January 2018 Coordinated Project @ ILLC

Scroll down for a detailed description of this project's motivation and structure.

If you are interested in this project, please contact the instructor -- Shane Steinert-Threlkeld -- by e-mail: S.N.M.Steinert-Threlkeld (at) uva.nl.

- 23 Jan: reading list updated
- 22 Jan: updated notebook with predictions/output, which will be useful for many of your projects
- 22 Jan: updated reading list
- 19 Jan: updates to projects list and Jupyter notebook
- 18 Jan: uploaded list of possible projects (access information provided in e-mail)
- 18 Jan: reading list updated
- 17 Jan: added Jupyter notebook introducing TensorFlow and neural networks, which can be used for familiarizing oneself and experiment with TF.
- 17 Jan: refactoring of shanest/quantifier-rnn-learning has been completed. Feel free to inspect the code now!
- 15 Jan: updated reading list
- 19 Dec: updated reading list
- 13 Dec: updated reading list
- 06 Dec: website created!

In this project, students will develop tools and run (computational) experiments to test the hypothesis that *semantic universals* arise because expressions satisfying them are easier to learn than those that do not.
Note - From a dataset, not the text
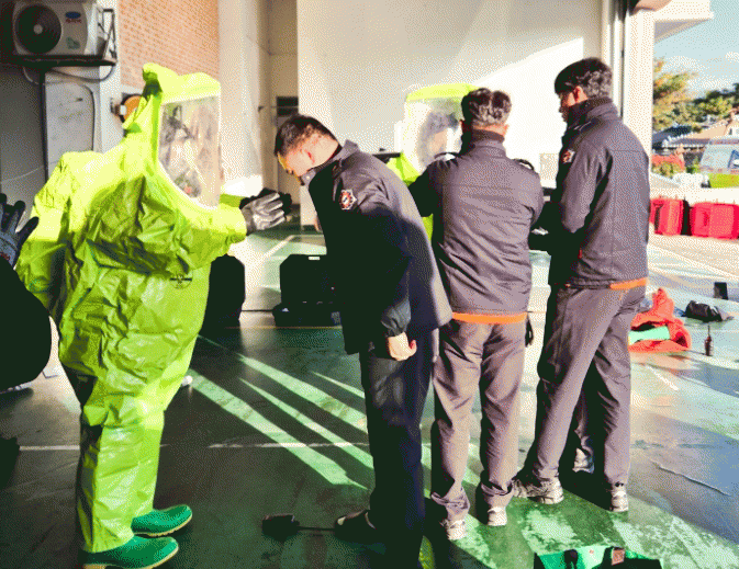 ÀÌ¾î¼ º¸°Ç¼Ò Ãʵ¿´ëÀÀ¿ä¿øÀ» ´ë»óÀ¸·Î °³ÀÎ º¸È£º¹(Level A)ÀÇ Âø¡¤Å»ÀÇ ¹æ¹ý°ú °ø±âÈ£Èí±â »ç¿ë¹ý µî ½Ç½À ±³À°À» ½Ç½ÃÇØ ÇöÀå´ëÀÀ´É·ÂÀ» °ÈÇß´Ù.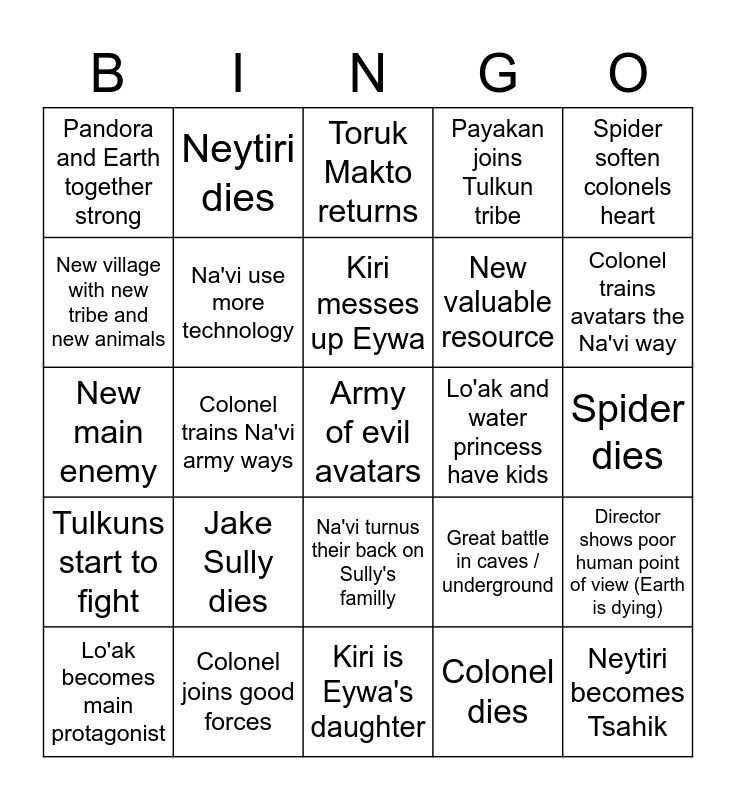 This bingo card has a free space and 24 words: Jake Sully dies, Colonel joins good forces, Kiri messes up Eywa, Lo'ak becomes main protagonist, Spider soften colonels heart, Pandora and Earth together strong, New village with new tribe and new animals, Neytiri dies, Lo'ak and water princess have kids, Na'vi turnus their back on Sully's familly, New valuable resource, New main enemy, Great battle in caves / underground, Director shows poor human point of view (Earth is dying), Na'vi use more technology, Colonel dies, Spider dies, Toruk Makto returns, Colonel trains avatars the Na'vi way, Colonel trains Na'vi army ways, Neytiri becomes Tsahik, Tulkuns start to fight, Payakan joins Tulkun tribe and Kiri is Eywa's daughter.

A semantic universal is a property of meaning shared by (almost) all natural languages (possibly conditional on the languages having additional properties). Because languages vary quite a bit, when one finds a universal, one naturally wonders whether there's an explanation for it. Why do all languages have this semantic property? We are interested in exploring the following hypothesis.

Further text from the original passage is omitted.